Wir blieben allein zurück.
»Gratuliere. Glückwunsch zum Debüt.«
»Danke gleichfalls, Commissario. Du hast ganz schön Eindruck hinterlassen. Mein Vater hatte recht, du lässt nichts anbrennen.«
Ihr Ton war feindselig, geringschätzig.
»Ich weiß nicht, wovon du redest. Und mit deinem Vater geht es bergab. Vielleicht solltest du dir mal die Zeit nehmen, ihn zu besuchen.«
»Vielleicht, Commissario. Aber das ist meine Angelegenheit.«
»Dein Vater macht sich Gedanken, weil du dich neuerdings in diesem Milieu hier herumtreibst.«
Ihre schönen Augen über den Grübchen blitzten auf.
»Er sollte sich lieber Gedanken darüber machen, ob es eine gute Idee war, jemanden auf mich anzusetzen, der jede Frau flachlegt.«
»Da kann dein Vater ganz beruhigt sein. Ich ziehe echte Frauen launischen kleinen Gören vor.«
Sie ließ sich nichts anmerken.
»Weißt du was, Balistreri, in deiner Kindheit muss etwas Schlimmes vorgefallen sein. Sonst wärst du nicht so ein Arschloch.«
»Dir auch. Sonst würdest du nicht mit Leuten wie Rossellini rummachen, nur um ein Star zu werden. Und du würdest nicht besoffen Auto fahren und deine Freundinnen umbringen.«
Wenn sie wütend wird, sehen ihre schönen Augen ziemlich irr aus. Am liebsten würde sie mir an die Gurgel gehen.

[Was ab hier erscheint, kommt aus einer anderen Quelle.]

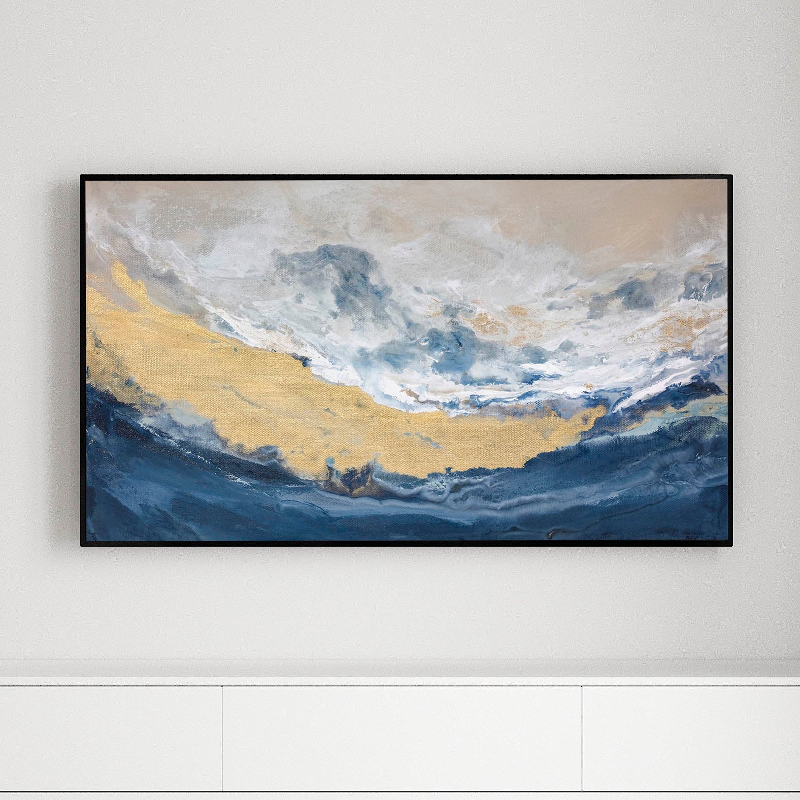 Immerse yourself in the quiet majesty of the coast with artwork that channels the expansive beauty of sea and sky. Soft layers of misty blue, sand-washed beige, and luminous gold seem to ebb and flow across the composition, evoking the peaceful rhythm of the shoreline.

Ich hätte versuchen können, auf sie zuzugehen und mich in sie hineinzuversetzen. Im Grunde war sie doch nur eine einsame, aus der Bahn geworfene Achtzehnjährige und beinahe Vollwaise.

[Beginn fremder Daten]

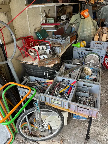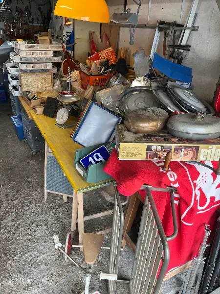 Garagenflohmarkt mit verschiedenen Gegenständen in Oberwinterthur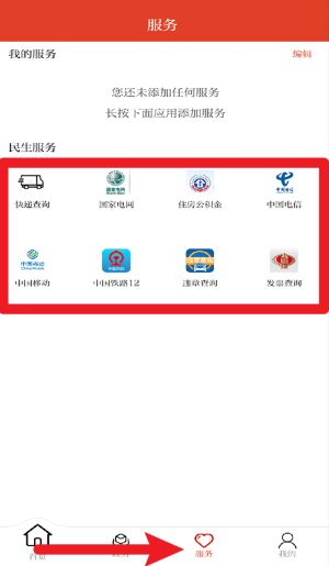3、在服务页面中可查询快递、电费、住房公积金等民生服务,操作便捷内容实用。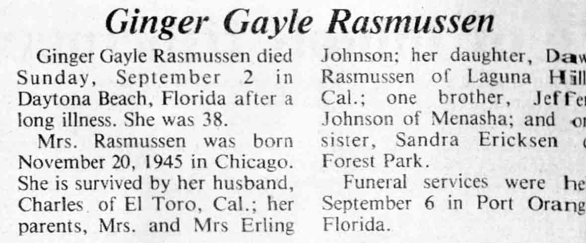 | Rasmussen | Ginger Gayle (Johnson) | 20 Nov 1945 | 02 Sep 1984 | TLN | 12 Sep 1984 | 4 |

Nein, sie ist genauso ein Flittchen wie alle anderen auch, allzeit bereit, sich selbst und jeden anderen zu verraten. Wie Laura Hunt.
Dieser Gedanke tobte in meinem Bauch und in meinem Kopf, als Claudia aufstand, um zu gehen.
»Du verstehst überhaupt nichts, Balistreri. Nichts.«
Ich kramte das Stück Papier mit dem Kaugummi hervor. Ja, es roch leicht nach Ammoniak.
Dann rief ich Teodori an.
»Ich habe Claudia und Rossellini getroffen. Ihre Tochter kommt gut zurecht. Machen Sie sich keine Sorgen.«
»Danke, Balistreri. Ich meinerseits gebe mir auch alle Mühe, Ihnen bei den Ermittlungen behilflich zu sein.«
Seine Stimme war schwach, er machte lange Pausen. Ich sagte nichts, weil ich ihm nicht den Glauben nehmen wollte, er sei noch dazu in der Lage.
»Bald werde ich Ihnen mehr zu Anita Messi sagen können.«
Ich ließ ihm seine doppelte Illusion: eine anständige Tochter zu haben und noch Polizist zu sein.